When work turns you from man to beast

There’s a shift at one point in the story where Eden gets a job in a laundry. He’s had enough of the creative struggle and says, “I need to make money. I don’t want to go sailing again.” There is a really amazing description about the transformation that overcomes him with this work. He becomes a beast of a man. He’s so exhausted from the constant machine and the speed. He works and works and works and then they’d go out and obliterate themselves on a Saturday night, come back to work on Monday. Plus ca change, Tokyo in the 21st century.

Alcohol allows him to separate from himself. To not be part of the machine. To escape from the physically challenging, mentally challenging, exhausting work. Through this experience of this endless work where you think you’re done, and then another bag of fancy starch comes in. It’s just not sustainable. Martin quits. Joe (his boss) quits to become a hobo. Martin goes back to his writing. Reading this segment from over 100 years ago really resonated with some of the stories of my clients and how they feel about their work. When your day job takes so much out of you that you can’t even live on the weekend, something is broken. There is more to life than this. What choices are you willing to make?

When your Ikigai betrays you

Later in the book Eden’s fortunes change and he finds wealth and fame. And of course the people who shunned him now court him. And his ikigai crumbles.

He realizes how fake fame is, how fake recognition is, how nobody cared for him with the work that he had already done, how nobody invited him for dinner when he was penniless. And finally (I was screaming “YES!” internally) there’s a rejection of Ruth. He finally realizes, thank goodness that he was just in love with an image of her. It wasn’t the real woman, it was the idea of her. So his object of his ikigai proved false.

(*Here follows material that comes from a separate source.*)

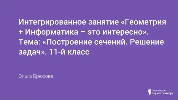 Данное занятие рекомендуется провести в компьютерном классе. В графическом редакторе, навыки работы с которым учащиеся приобрели на уроках информатики, учащиеся выполняют задания на построение многогранников, тел вращения, их сечений, используя все правила построения чертежей. Такие занятия позволяют выработать практический навык построения фигур. Целью таких занятий является создание условий для учащихся для развития стереометрического воображения, необходимого для решения задач на комбинацию многогранников и тел вращения, для решения задач на построение сечения фигур. На этом занятии необходимо разобрать и выполнить построение сечений многогранников и тел вращения. Каждому ученику на занятии предлагается построить сечение многогранника и фигуры вращения.
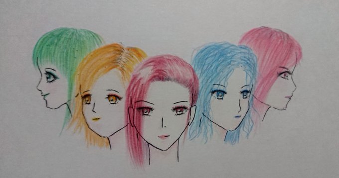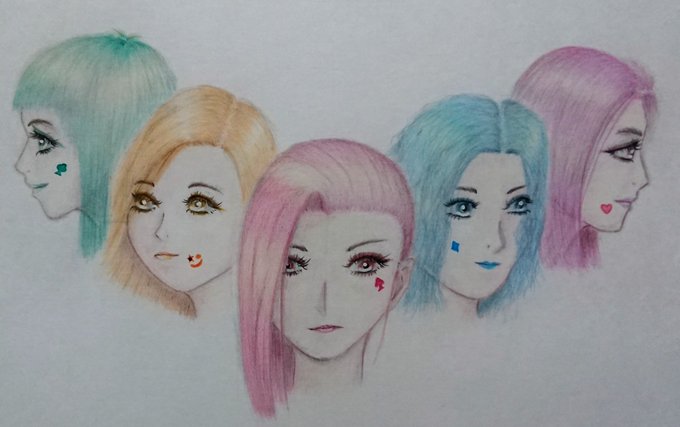 #オリキャラ #色鉛筆画 estar.jp/novels/25263979 私小説第二章に登場する【ZーHAR】という5人組ガールズユニットを描いてみました✨

And with this loss of ikigai, Eden literally has no reason to get out of bed. He cannot see the purpose of his life. He has everything he said he wanted. He has recognition for the things that he produced. The woman he loved says, “I’ll have you now.”

But her realises it’s just empty and fake. He feels that this object of his Ikigai, his focus on why he was alive, what drove him, is ultimately meaningless. And he is so exhausted that he is not able to find a new Ikigai. All his energy and life force is gone. The focus on a single idea of a possible future meant that he could hardly draw pleasure in the present and then by the time he realised the expected outcome, he had no ikigai left.

Why you need a reason to get out of bed

It reminded me that this concept of having a reason to live is so important. And that also we need to remember the journey is the goal. When we get “there” it might not be what we imagined.

At the end of the book, Eden is tired of life. He no longer has the capacity for joy, he can’t see any hope. It’s heartbreaking and a such a waste of a talented soul.

I don’t want that for anyone in my life. I want people to wake up with a reason to do what they’re doing, to feel they are valued for who they are, to feel loved, to love, and to have the joy of creating something. That doesn’t mean painting a picture or writing a book. It means by being in the world, merely by existing, you’re making a difference to somebody’s life.

I thought that “Martin Eden” raised a lot of interesting ideas about Ikigai, about our purpose, how we choose to live, the stories that we tell.

So my invitation is to think about what drives you. What would happen if you felt that it was suddenly false? How would you handle that “betrayal” of your ideal? Would you put something else in its place? Would you carry on ahead with no different ideas? Or would you say, “Okay, done.”